Collected material

• • • • • • •

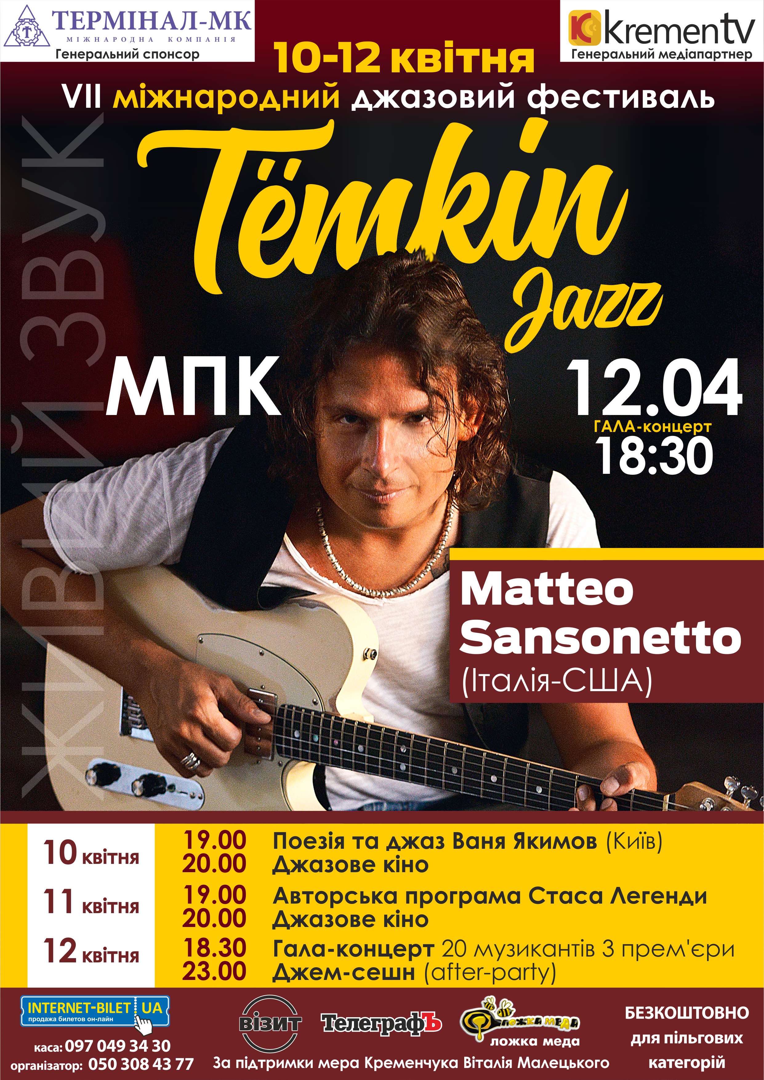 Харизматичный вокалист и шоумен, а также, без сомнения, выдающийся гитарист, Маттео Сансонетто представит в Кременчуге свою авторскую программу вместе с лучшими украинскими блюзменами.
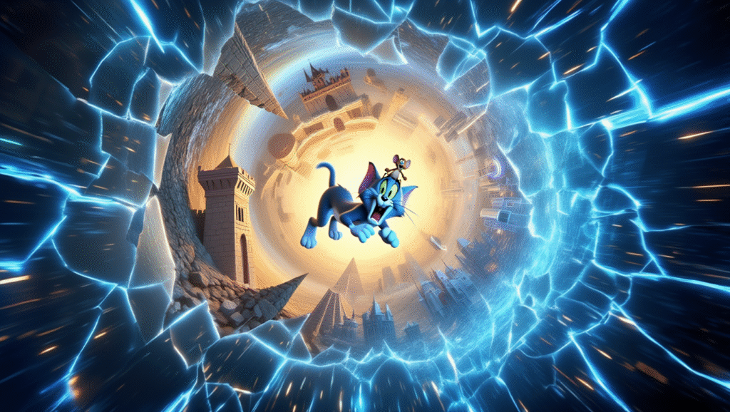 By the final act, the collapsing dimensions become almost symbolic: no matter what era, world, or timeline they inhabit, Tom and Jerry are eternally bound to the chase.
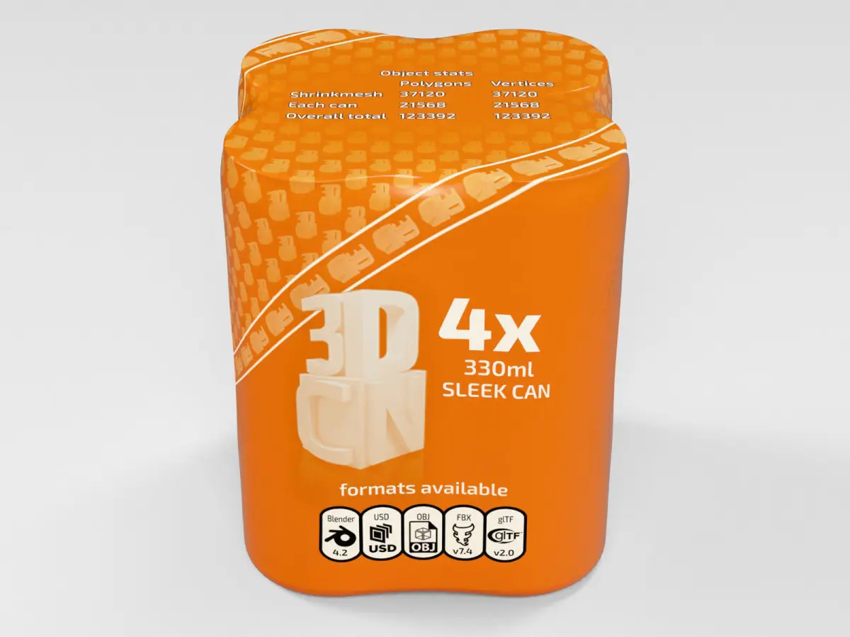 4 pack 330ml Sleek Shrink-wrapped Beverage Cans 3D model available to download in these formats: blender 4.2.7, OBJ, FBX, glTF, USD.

• • • • • • •

What the task asks
Retype the listing above exactly, please. Pictures do not belong in the copy.

Your solution
 Харизматичный вокалист и шоумен, а также, без сомнения, выдающийся гитарист, Маттео Сансонетто представит в Кременчуге свою авторскую программу вместе с лучшими украинскими блюзменами.
 By the final act, the collapsing dimensions become almost symbolic: no matter what era, world, or timeline they inhabit, Tom and Jerry are eternally bound to the chase.
 4 pack 330ml Sleek Shrink-wrapped Beverage Cans 3D model available to download in these formats: blender 4.2.7, OBJ, FBX, glTF, USD.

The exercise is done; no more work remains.